Historian Stephen Davies names three persistent myths about the Great Depression. Myth #1: Herbert Hoover was a laissez-faire president, and it was his lack of action that lead to an economic collapse. Davies argues that in fact, Hoover was a very interventionist president, and it was his intervening in the economy that made matters worse. Myth #2: The New Deal ended the Great Depression. Davies argues that the New Deal actually made matters worse. In other countries, the Great Depression ended much sooner and more quickly than it did in the United States. Myth #3: World War II ended the Great Depression. Davies explains that military production is not real wealth; wars destroy wealth, they do not create wealth. In fact, examination of the historical data reveals that the U.S. economy did not really start to recover until after WWII was over.

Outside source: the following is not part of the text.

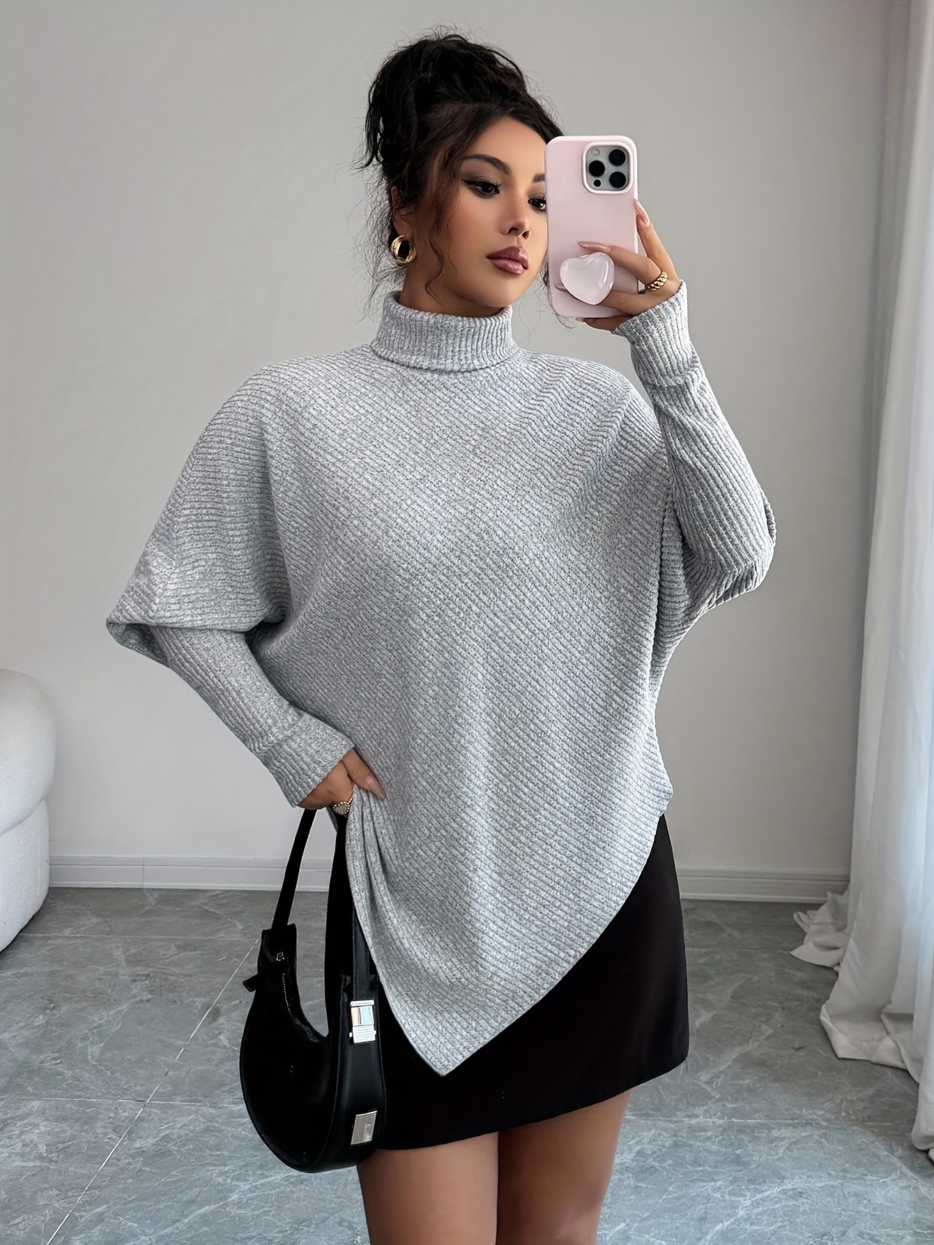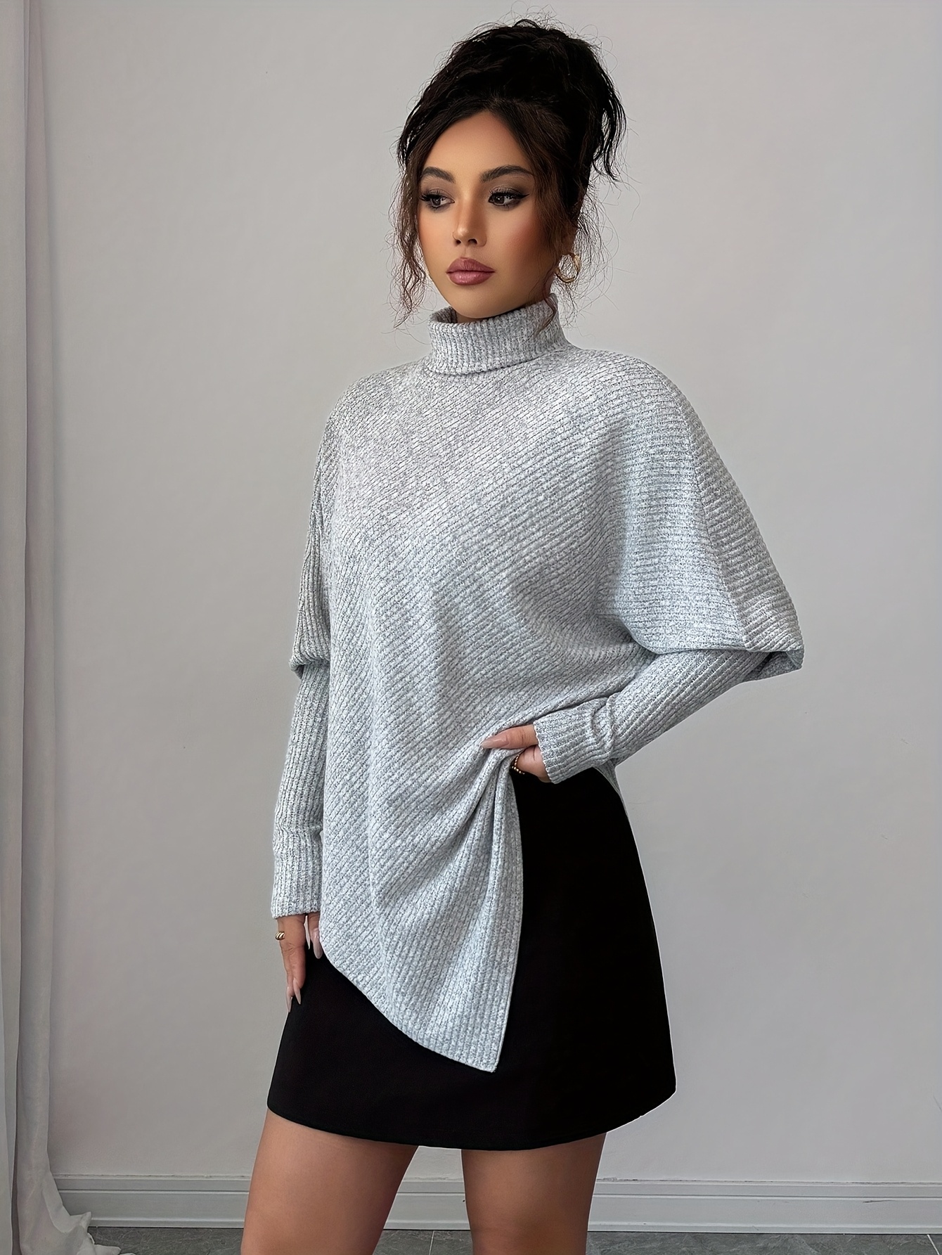 Plus Size, Plus Size Women's Oversized Winter Sweater - Elegant High Neck Batwing Sleeve Pullover, Soft Grey Tunic Top, Cozy Long Sleeve Blouse for Fall & Winter Layering (Machine Washable)

Top Three Myths About the Great Depression and the New Deal
By definition, military production output is not real wealth. Wars destroy wealth rather than creating it.
There are a number of myths about the Great Depression which are very popular. The first is that Herbert Hoover was a do–nothing, laissez faire president who simply allowed unemployment to rise and was responsible for a total economic collapse. In fact, this is the opposite of the truth. Hoover was an extremely interventionist president. And one of the main reasons why the Great Depression became so severe was because of the active interventionist policy he followed, in particular, his refusal to allow asset values and wages to find a natural clearing level.

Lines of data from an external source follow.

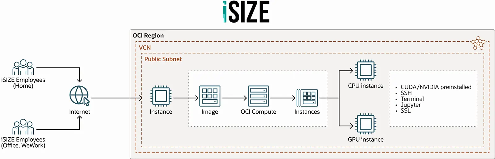Then bare metal instances were started with the latest NVIDIA A10 GPU available. The instances consist of a mixture of container and custom instances. The platform is accessible on secured public web browser over SSL or directly by SSH with secure authentication. Oracle’s availability allows iSIZE to run continuously.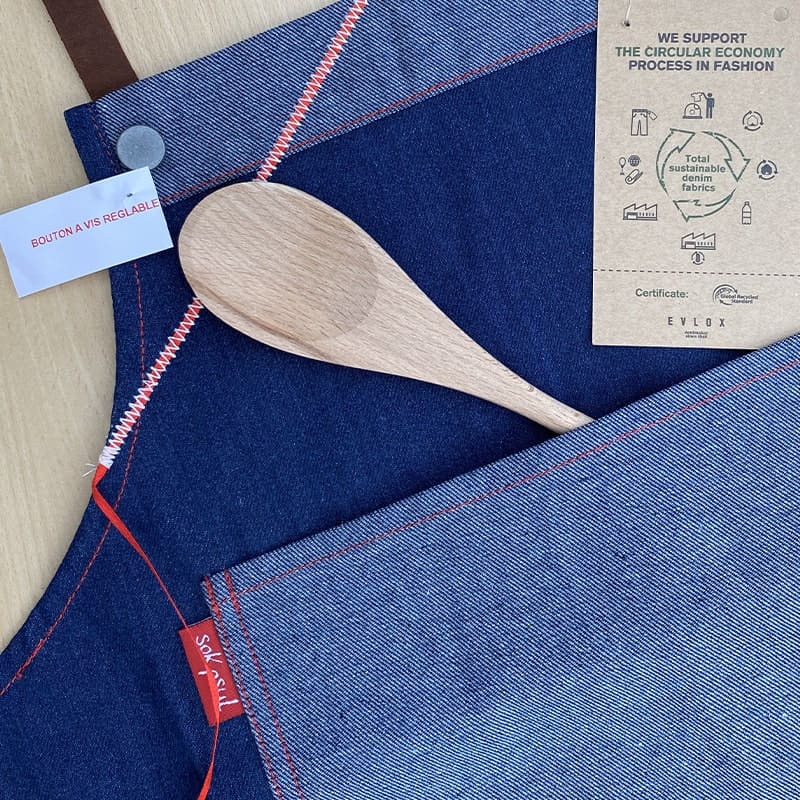 Tablier de cuisine Sapeur. Tablier en jean, brut ou délavé, avec grande poche sur le devant.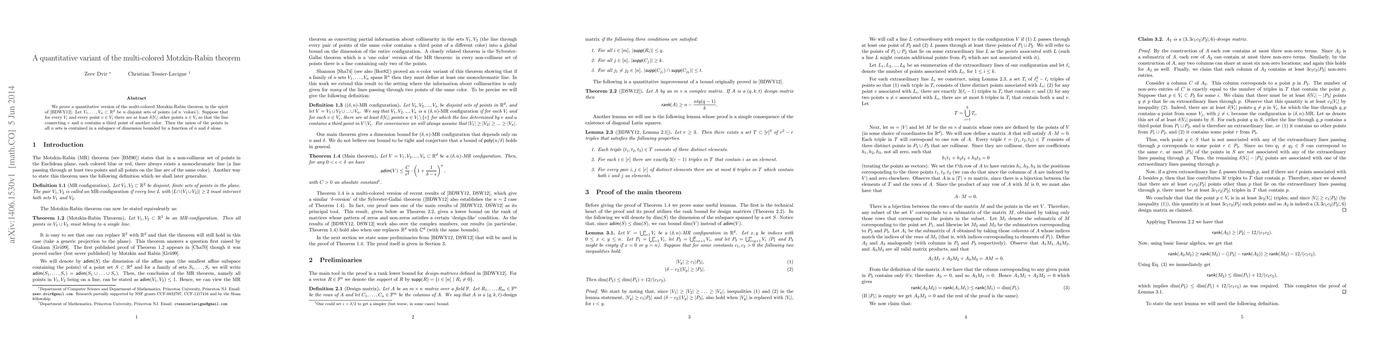 We prove a quantitative version of the multi-colored Motzkin-Rabin theorem in the spirit of [BDWY12]: Let $V_1,\ldots,V_n \subset R^d$ be $n$ disjoint sets of points (of $n$ `colors'). Suppose that for every $V_i$ and every point $v \in V_i$ there are at least $\delta |V_i|$ other points $u \in V_i$ so that the line connecting $v$ and $u$ contains a third point of another color. Then the union of the points in all $n$ sets is contained in a subspace of dimension bounded by a function of $n$ and $\delta$ alone.

The second myth is that the New Deal saved American capitalism and brought the Great Depression to an end. The historians generally do not believe this anymore. The fact is that in most parts of the world the Great Depression began to end much, much earlier and much, much more quickly than it did in the United States. In Great Britain, the Great Depression was over by 1933, and Britain, in fact, enjoyed very rapid economic growth from 1931 onwards. In the United States, by contrast, not only does the Great Depression go on for more than a decade, it in fact actually gets worse, and by 1937, the level of unemployment in the United States is as high as it had been in 1932, but in addition the federal government has built up an enormous debt.
The third common myth is that what eventually ended the depression and saved the economy was World War II. By definition, military production output is not real wealth. Wars destroy wealth rather than creating it. In fact if you look at the figures for American economic activity and you strip out the war effects, as people like Robert Higgs have shown, what you can only conclude is that in fact the Great Depression does not really end until 1947 or 1948, and the war simply conceals or covers up the continuing low level of real wealth-creating economic activity in the United States.